On Fri, Sep 24, 2010 at 1:02 AM, Branko Čibej <brane_at_xbc.nu> wrote:
>  On 24.09.2010 04:05, Hyrum K. Wright wrote:
>> On Thu, Sep 23, 2010 at 2:20 PM, Branko Čibej <brane_at_xbc.nu> wrote:
>>>  On 22.09.2010 21:41, Hyrum K. Wright wrote:
>>>> [ apologizes for the somewhat stream-of-conscious nature of these mails ]
>>>>
>>>> On Wed, Sep 22, 2010 at 7:16 PM, Hyrum K. Wright
>>>> <hyrum_wright_at_mail.utexas.edu> wrote:
>>>>> On Wed, Sep 22, 2010 at 5:35 PM, Hyrum K. Wright
>>>>> <hyrum_wright_at_mail.utexas.edu> wrote:
>>>>>> For the C++ folks out there, I've got a question about an approach to
>>>>>> take on the object-model branch.  At issue is how to wrap the various
>>>>>> C structures returned to callers, particularly in a backward
>>>>>> compatible manner.  Currently, I'm looking at svn_wc_notify_t *.  As I
>>>>>> see it, there are a few options:
>>>>>>
>>>>>> 1) Just wrap the pointer to the C struct as a member of the wrapper class.
>>>>>>    Pros: Easy to implement; lightweight constructor.
>>>>>>    Cons: Getters would need to translate to C++ types; would need to
>>>>>> implement a copy constructor which deep copies the C struct; would
>>>>>> also introduce pools, since creating and duplicating C structs
>>>>>> requires them.
>>>>>>
>>>>>> 2) Wrap each C struct member individually
>>>>>>    Pros: C->C++ complexity is constrained to the constructor,
>>>>>> everything else is C++ types
>>>>>>    Cons: Hard to extend for future compatibility
>>>>>>
>>>>>> 3) Just pass the C-struct pointer around; don't even bother with a class
>>>>>>    Pros: Dead simple.
>>>>>>    Cons: Requires more memory management thought by consumers; not
>>>>>> C++-y enough; may introduce wrapping difficulties.
>>>>>>
>>>>>> I'd like to come up with something consistent, which would be used
>>>>>> throughout the C++ bindings.  I'm also interested in a solution which
>>>>>> ensures the C++ bindings can be used as the basis for other
>>>>>> object-oriented bindings models (Python, Perl, etc.)
>>>>> After lunch, and some thought, it feels like #1 is the best solution.
>>>>> This doesn't change the external class interface, which is good, and
>>>>> can still provide C++ values to callers who want them.  The pool
>>>>> issues are a bit messy, but at least the object can manage it's own
>>>>> memory (albeit at a significant overhead).
>>>> This could get ugly.
>>>>
>>>> Creating and destroying pools all over the place could get ugly, but
>>>> it's necessary evil because all of our object creation / duplication
>>>> functions all require a pool.  An alternative would be a set of
>>>> functions returning the size of the object, and then another which
>>>> puts the object in a pre-allocated memory location.  (These could
>>>> theoretically replace the pool argument version of the API, but that'd
>>>> be *a lot* of churn.)
>>>>
>>>> The approach would let the C++ allocate the memory (of the correct
>>>> size) using whatever scheme it wants, and then do a "placement
>>>> initialize" using the second API.  If we do go this route, I'd
>>>> recommend exposing these as private-to-Subversion, at least initially.
>>>>
>>>> The other option is just pass the C-struct pointer around everywhere,
>>>> but then the bindings consumers have to work about this exact same
>>>> issue.  In other words, it solves it now, but really just pushes the
>>>> problem elsewhere.
>>>>
>>>> -Hyrum
>>> Memory management with pools and C++ -- keep away from doing it in
>>> per-object ctor/dtor pairs is all I can say.
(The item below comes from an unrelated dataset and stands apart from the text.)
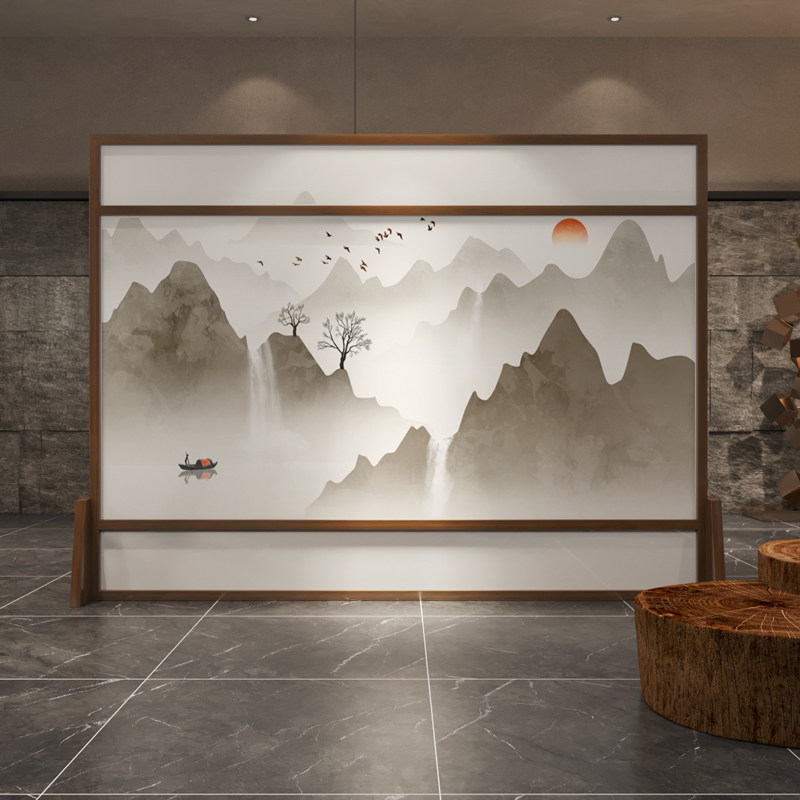 New Chinese Screen Partition Living Room Background Decoration Mobile Minima Villa Tea Room Hotel Office Shelter Screen

Lifetimes would get so
>>> messy and mucked up you could hardly believe it.
>>>
>>> IMHO the best way to wrap the C structures in C++ is to subclass 'em.
>>>
>>> class svn_some_thing : public svn_some_thing_t { .... };
>>>
>>> This way you can pass C++ pointers directly to the C implementation,
>>> most methods become just inlined wrappers. Callbacks are a bit more
>>> hairy, but not all that much.
>> This works for input types, but right now it's the output types (which
>> are much more common) that I'm concerned about.  Things like
>> svn_commit_info_t, or svn_wc_notify_t.  For my initial hack at it see:
>> http://svn.apache.org/repos/asf/subversion/branches/object-model/subversion/bindings/c++/include/Types.h?p=1000600
>
> If you're strict about the wrapping, i.e., do not add any data members
> or virtual functions to the wrappers, then a simple static_cast of the
> returned pointer will solve the type conversion for output parameters.
> It makes the wrapper methods a bit more complex, but still easily inlinable.

Well, except for the pool lifetime issues. The wrapped pointer would
still be allocated in a the result pool of the called function, but by
doing a cast, and returning the wrapper to the caller, we've now
hidden that fact (and given the consumer more than enough rope to hang
their entire team). Hence the desire to duplicate the returned value
into a pool managed outside of the one provided to the C API.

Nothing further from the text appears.